Throughout our nation’s history those who self-identify as the most conservative Christians have consistently been the caboose rather than the engine of needed social change. Why should we expect anything different from them now?
Therefore, these current and continuing expressions of fear-based exclusivity and attempts to use foul means to enforce one’s hostile religious beliefs on all others is sad but unsurprising.
So is the ongoing shift by many Americanized Christians away from following Jesus to believing a set of precepts that largely serve those who created and elevated them as ultimate truth.
The image used with this writing, which I encountered recently in the North Carolina mountains, stirred my mind. I was reminded of an article in the Atlanta Journal-Constitution many years ago.
It was about getting lost — and how easily persons can find themselves in places of directional uncertainty.
“The process of becoming lost seems complex and lengthy on the surface, but it is quite often nothing of the sort,” said an experienced wilderness rescuer.
“Two steps off the trail for whatever reason…,” he added, “and you can be as lost as if somebody had dropped you 50 miles from the nearest building.”
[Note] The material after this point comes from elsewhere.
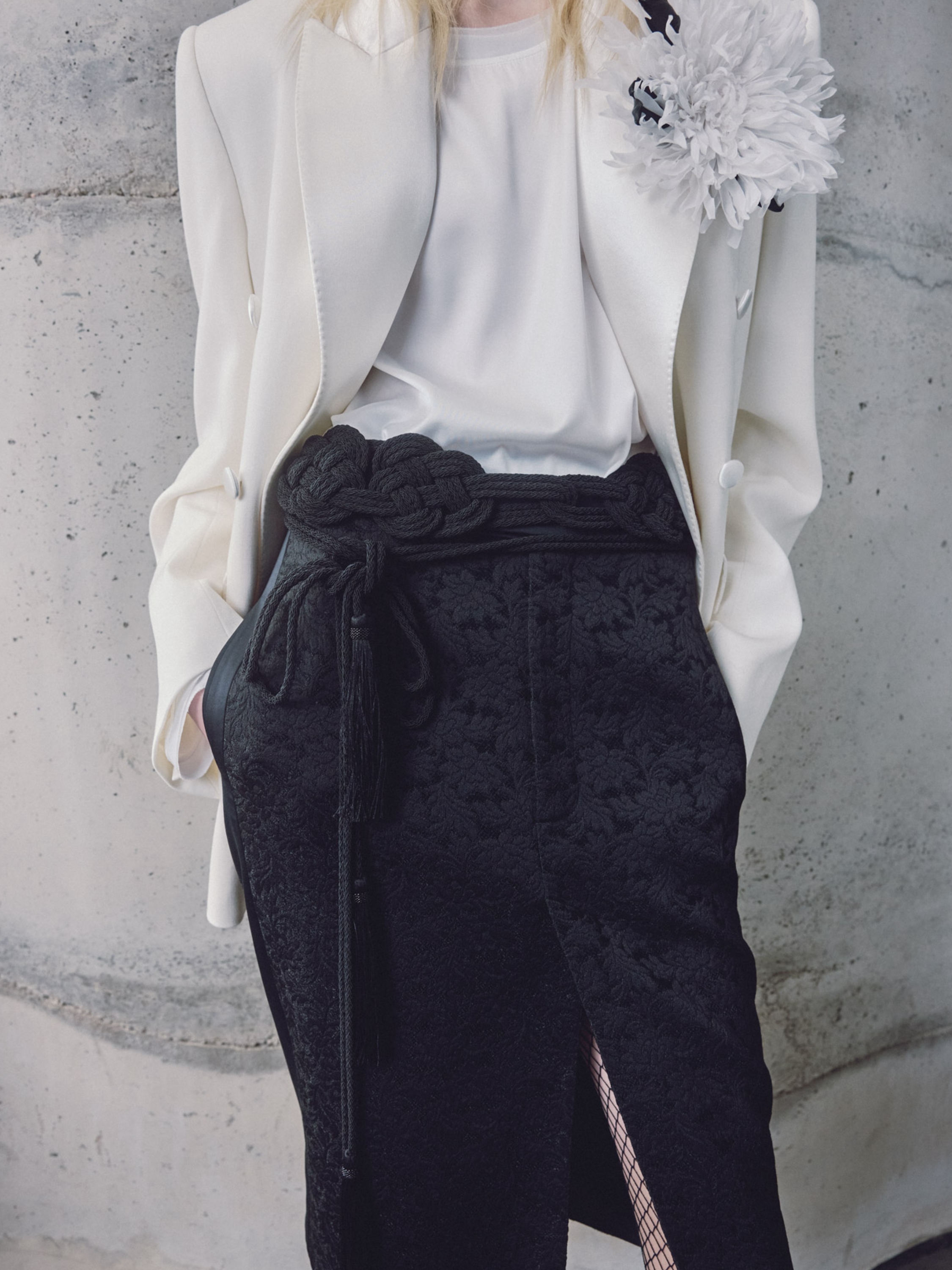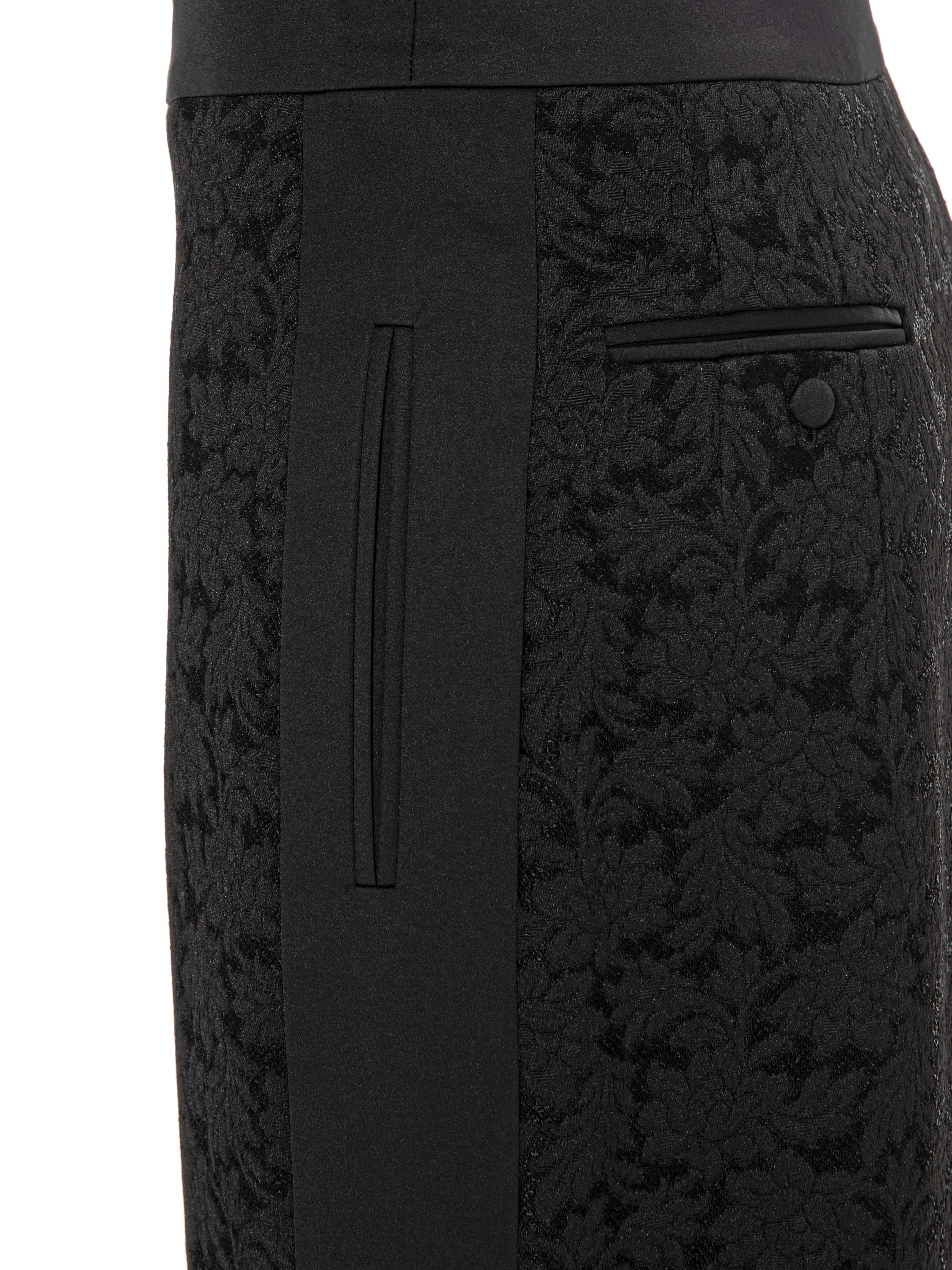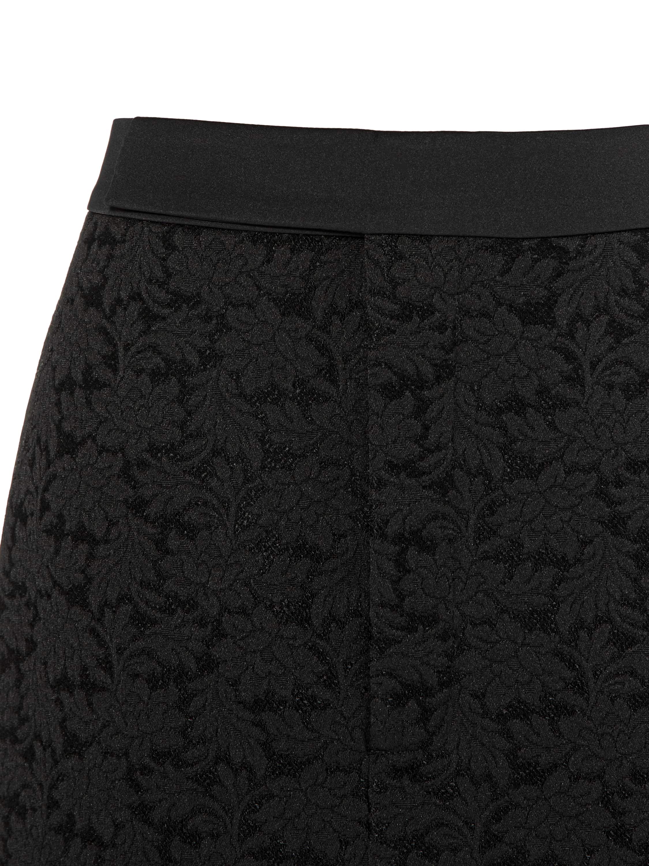 The black below-the-knee skirt is made of dense jacquard with a textured floral pattern. The model is complemented by a front slit and vertical side stripes that visually elongate the silhouette. Length of the item from the waistband: 61 cm.

One could spend a lot of time contemplating how and why so much of institutionalized Christianity — including the Americanized version many of us know so well — vacated the trail that leads behind Jesus’ footprints.
There are some hints: institutional success, personal power, societal change, fear and more fear, to name a few.
I was intrigued by the three-prong advice given by the rescuer to anyone who becomes physically lost.
First, he said to look for something familiar. Perhaps a broken limb or odd rock or tree that might enable retracing one’s steps.
Second, he advised getting out in the open — if possible — in order to be seen from above.
Third, and finally, if all else fails he suggested staying put. Don’t make a bad situation worse by continuing to go in the wrong direction.
You smart-minded people can apply those principles to the current state of misguided Christianity — that keeps going down trails other than the one marked by Jesus’ call for all who would be his disciples.
Look for the blazes on the trees that lead to loving God with all one’s being and our broadly defined neighbors as ourselves. The trail is narrow, but it leads to life — so said the One who seeks to be our guide.